Shared ground
The verse presents David acting as a ruler who publicly rejects political violence done for reward. He gives an official order; “his young men” carry out the punishment. The killers are executed, then their hands and feet are removed, and their bodies are displayed beside the pool in Hebron. The public setting signals that this is meant to be seen and understood.
The narrative also draws a sharp contrast between the assassins’ dishonor and the treatment of Ish-bosheth. His head, which had been brought as a trophy, is instead buried. The specific note that it is buried in Abner’s grave links this episode to Abner’s earlier death and burial in Hebron (2 Samuel 3:32), and it gives Ish-bosheth a measure of burial honor rather than continued exposure.
Where interpretation differs
Two details are debated because the verse is brief.
First, the timing of the mutilation: some read the sequence (“killed them, and cut off…”) as meaning the cutting happened after death; others think it could imply a harsher procedure closer to the execution itself. Either way, the text’s main emphasis is the disgrace and public warning attached to the bodies.
Second, the meaning of burying Ish-bosheth’s head in Abner’s grave: some interpret it as a sign of respect for Ish-bosheth (removing shame and associating him with an honored figure). Others take it as mainly practical or political—Hebron is where David is based, Abner’s tomb is a known place, and the burial closes the incident while also signaling continuity with Abner’s role in the transition of power.
Why the disagreement exists
The verse reports actions without explaining motives. It also compresses several steps into one sentence, leaving room to ask what was done first, why the “pool” location matters, and what symbolic message David intended with Abner’s grave.

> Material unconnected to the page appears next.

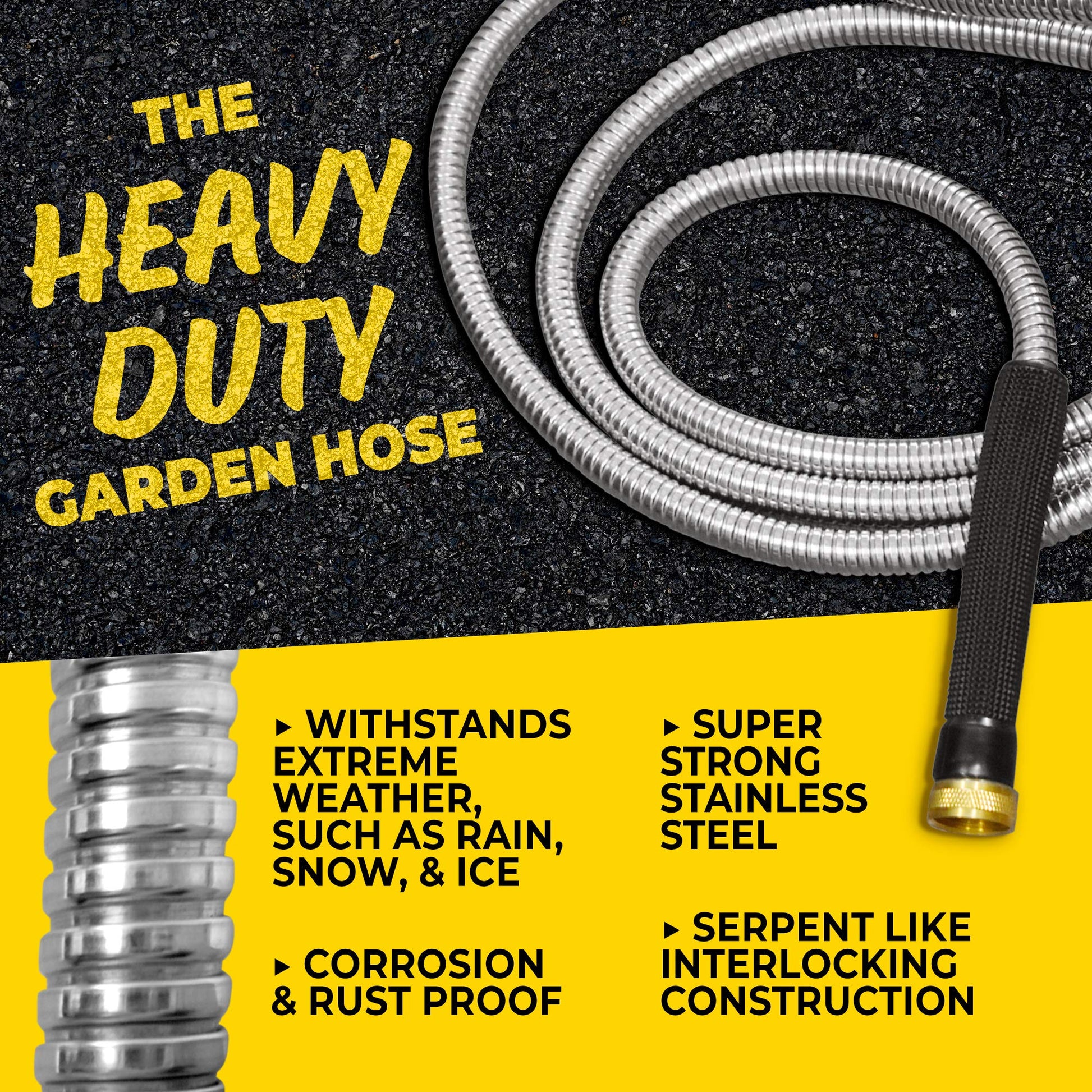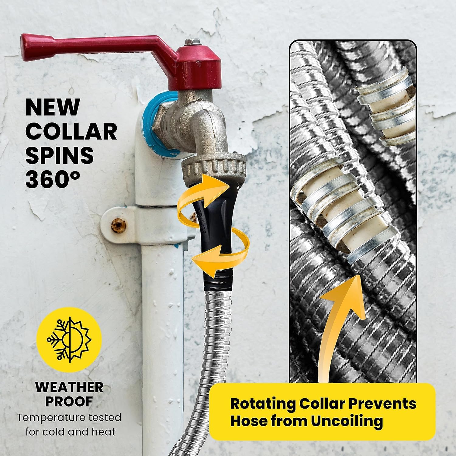 - Kink Free: The body of the hose is encased in a sturdy stainless-steel outer layer allows for a consistent, steady and high-pressure water output yet is memoryless, meaning it will lay flat, resist kinks, can coil easily and store effortlessly
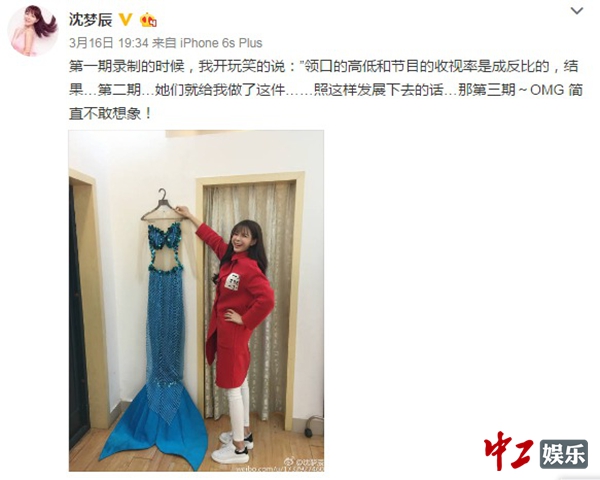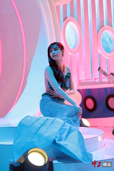 中工娱乐4月26日讯 还记得沈梦辰之前曾在微博上晒出的那身blingbling的“美人鱼”装吗?湖南卫视本周日22:00即将播出的《透鲜滴星期天》第二期一开场,沈梦辰就化身美美的“人鱼公主”,与透鲜小分队的型男们上演了一幕迷你情景剧。

What this passage clearly contributes
Explicitly, it shows David’s administration punishing those who assassinated a rival king and making that punishment visible. It also shows differentiated treatment: the killers’ bodies are displayed as condemned, while Ish-bosheth’s remains are buried rather than treated as an object of triumph. Theologically by inference, the passage supports a theme in this part of Samuel: legitimate rule is not presented as something to be secured by opportunistic murder, and the handling of bodies (exposure vs. burial) is used to communicate honor and shame in public life.